Twin Disc Inc (TWIN) Q3 2026 Earnings Call Transcript

Twin Disc Inc (TWIN) Q3 2026 Earnings Call Transcript

Motley Fool – Earnings Transcripts
Motley Fool – Earnings TranscriptsMay 6, 2026

Companies Mentioned

Why It Matters

The results highlight Twin Disc’s resilience amid tariff pressures and underscore defense as a key growth engine, while the tax benefit masks underlying profitability challenges that must be addressed through operational improvements.

Key Takeaways

  • Revenue flat, organic decline 7.9% due to tariff timing
  • Net income jumps to $1.55 per share, tax benefit
  • Backlog reaches $175.3M, up 41% YoY, defense pipeline >$50M
  • EBITDA down 25% YoY, hit by M&A and tariffs
  • Tariff plan: relocate RF assembly to free‑trade zone

Pulse Analysis

Twin Disc’s Q3 earnings illustrate a nuanced performance picture. Top‑line revenue held steady at $90.2 million, buoyed by marine and industrial sales and the recent CoVelt acquisition, yet organic growth fell nearly 8% as customers timed orders around import duties. This tariff‑driven shipment delay, affecting roughly 3% of cost of sales, underscores the broader industry challenge of navigating fluctuating trade policies while maintaining inventory discipline.
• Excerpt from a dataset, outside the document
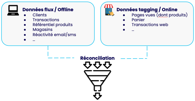 Pour obtenir une vision client complète, il est essentiel de collecter des données provenant de différentes sources. Cela peut inclure des données démographiques, des données comportementales, des historiques d'achat, des interactions sur les réseaux sociaux, des données de navigation sur le site web ou encore des données provenant des centres d'appels. Plus vous collectez de données pertinentes, plus votre vision client sera approfondie. D’où l’importance de bien réconcilier ses données !
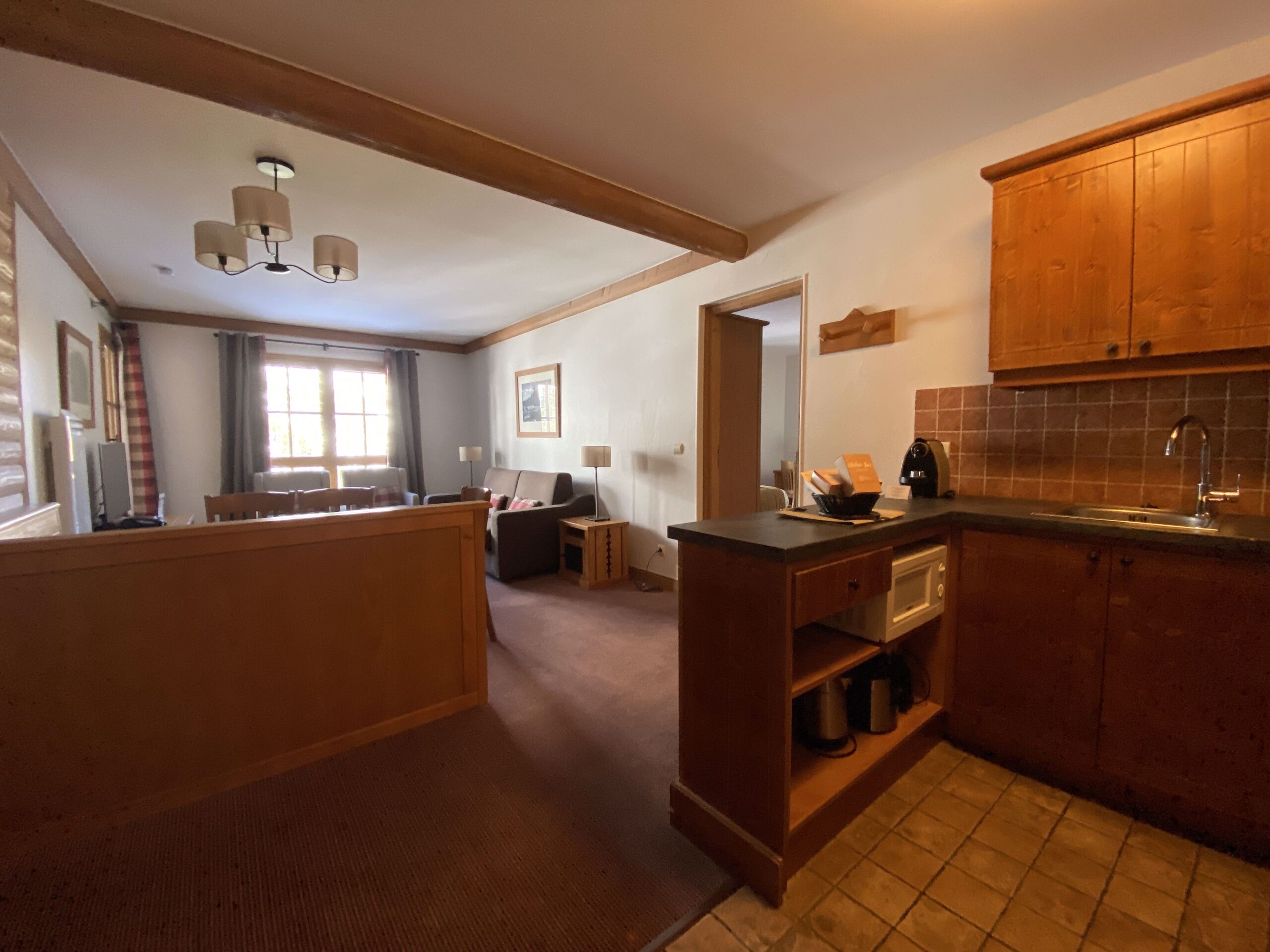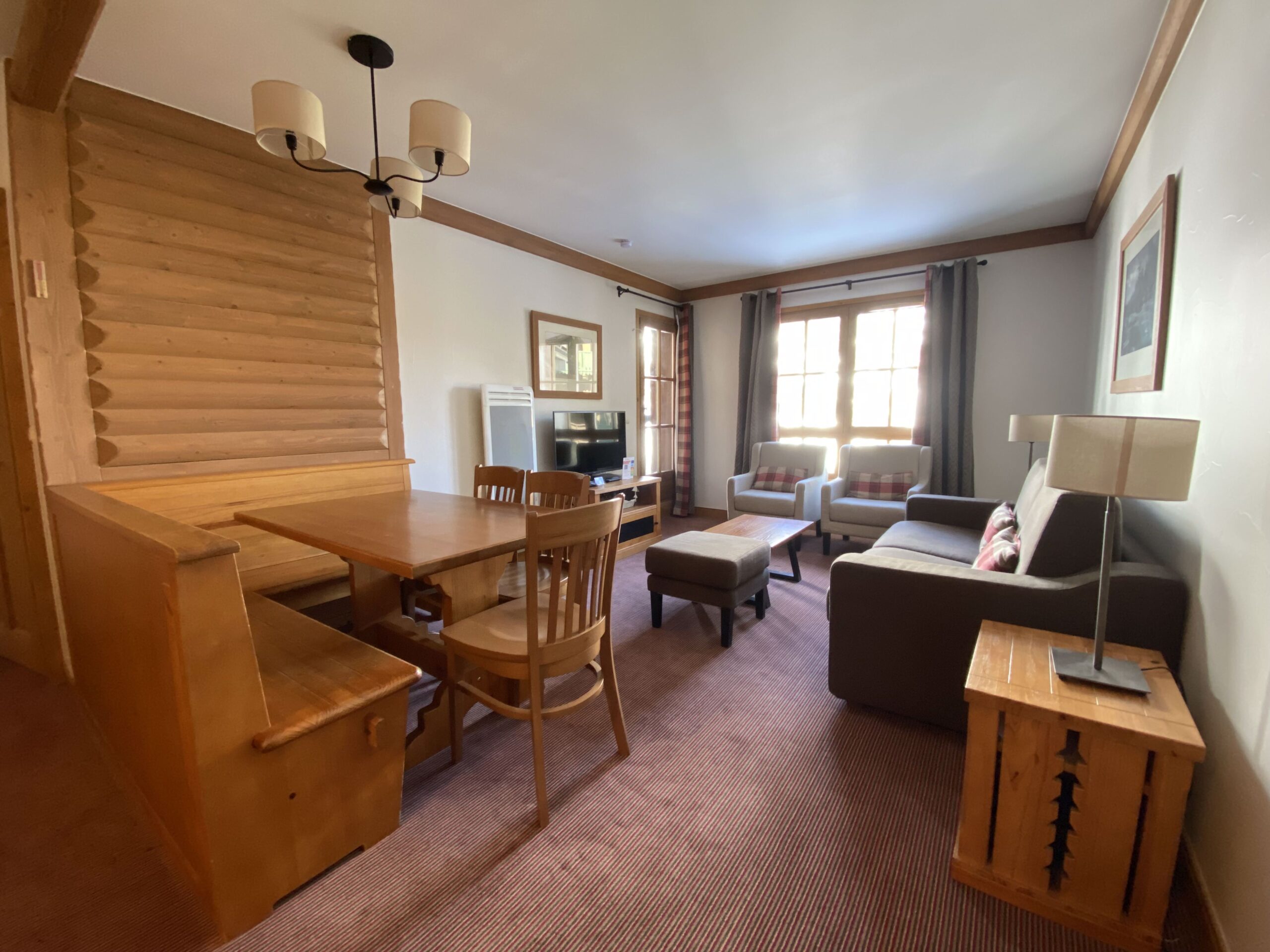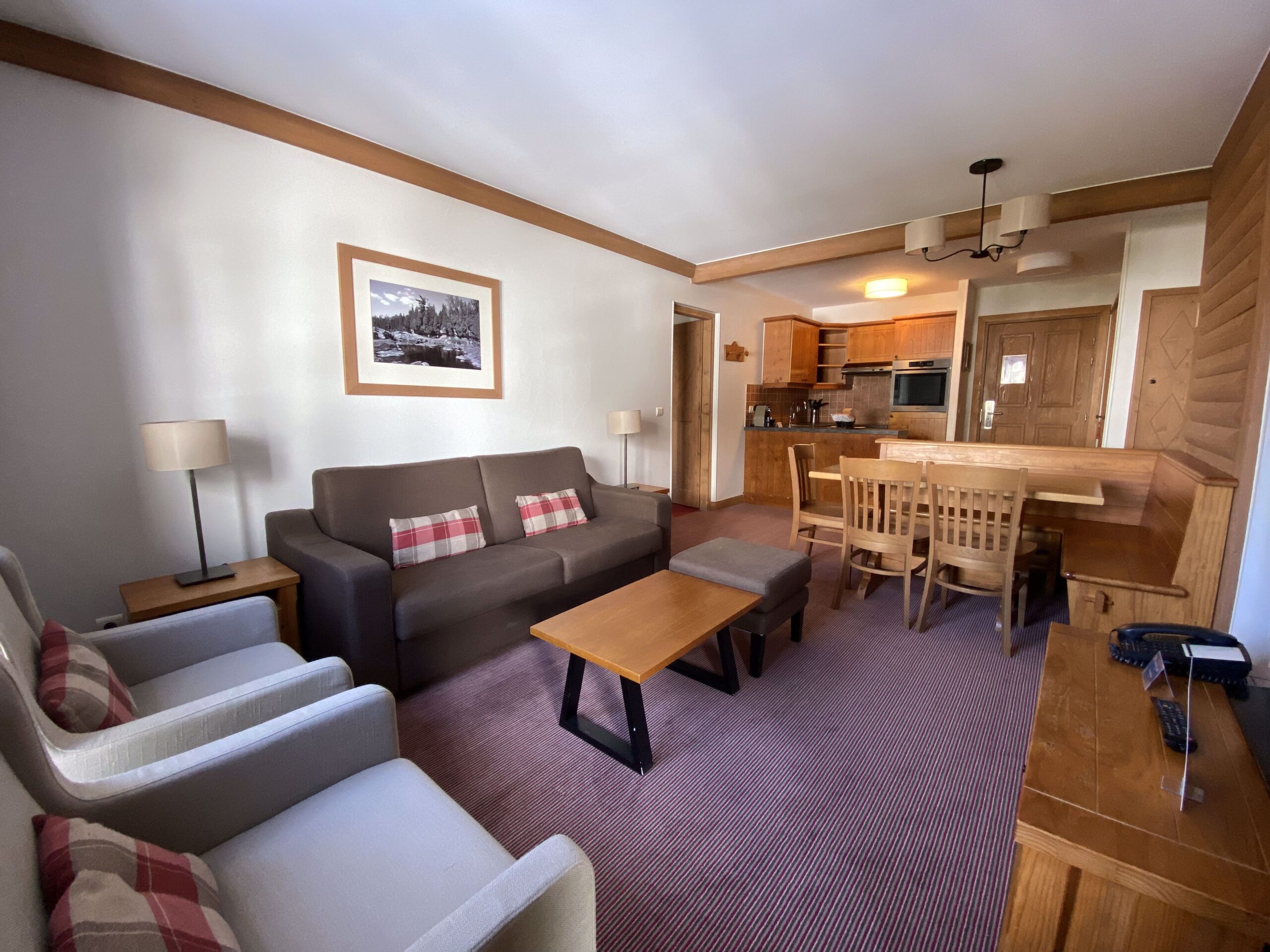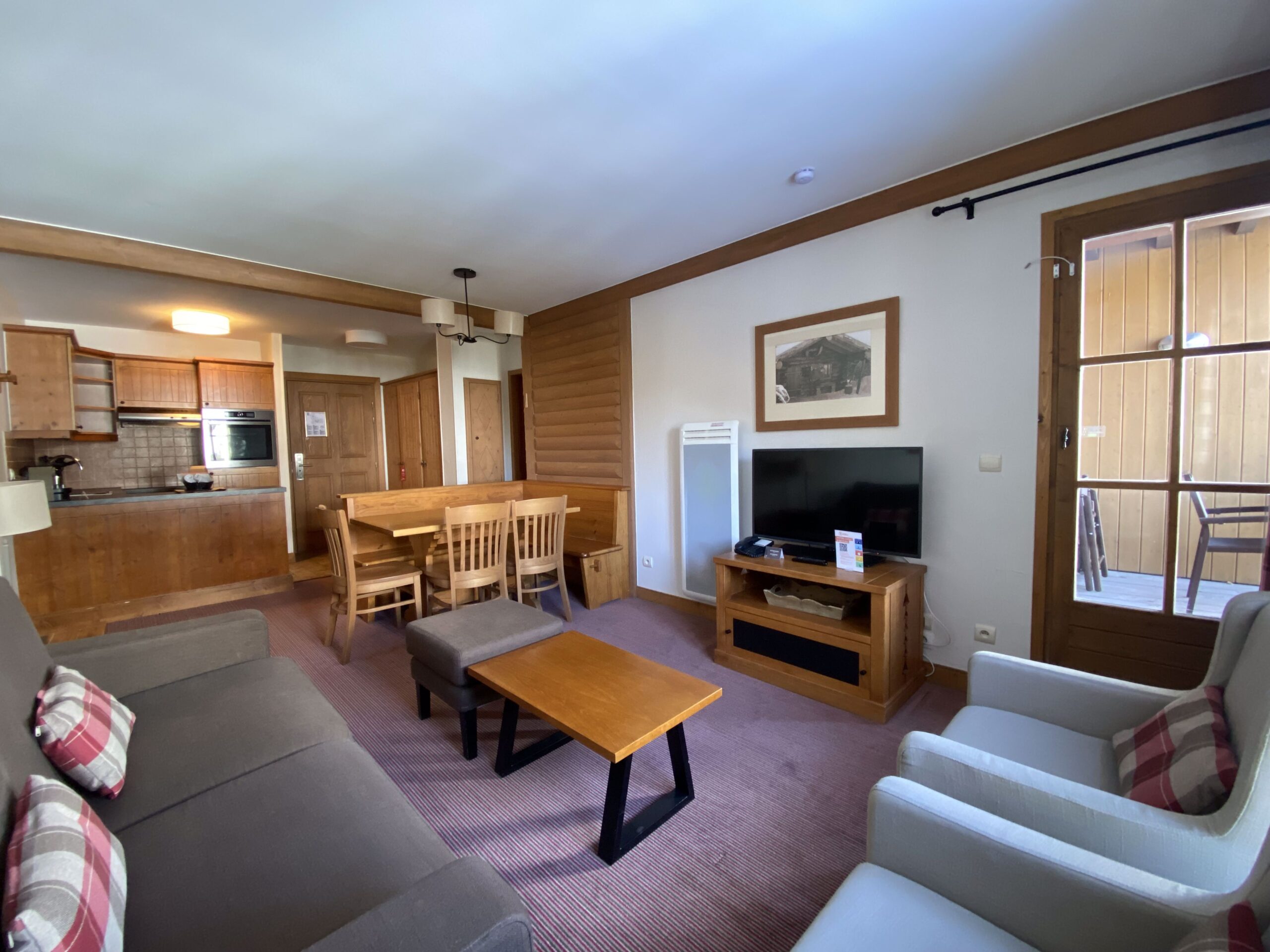 Beautiful 2 Bed apartment for in Arc 1950 - Auberge JérômeLocated in the ski in-ski out Auberge Jérôme, this charming apartment of 60.75 m2 includes a superb living room opened onto a fully equipped kitchen, exceptional North-North / West facing terrace, two bedrooms - one of which en suite, shower room and toilet.

Profitability metrics tell a mixed story. Gross margin improved modestly to 24.8% thanks to the absence of prior‑year inventory charges, but EBITDA contracted 25% year‑over‑year as higher M&A expenses and adverse product mix weighed on earnings. The headline net‑income surge to $22.4 million reflects a one‑time tax reversal rather than sustainable operating leverage, signaling that core earnings remain vulnerable. Meanwhile, the defense segment is emerging as a strategic growth pillar, with backlog exposure climbing 18% sequentially and the defense pipeline now topping $50 million, positioning Twin Disc to capture rising defense spending in the U.S. and NATO.

Management is proactively addressing tariff exposure through a relocation of RF assembly to its Lufkin free‑trade‑zone facility, projected to shave roughly ten percentage points off gross‑margin drag in fiscal 2027. Coupled with disciplined capital spending, a modest free‑cash‑flow rebound, and a record backlog that offers visibility into 2026 demand, these initiatives aim to translate inventory buildup into cash generation. Investors will watch for the timing and impact of the mitigation plan, as well as the company’s ability to sustain defense‑related momentum while normalizing margins in the second half of the year.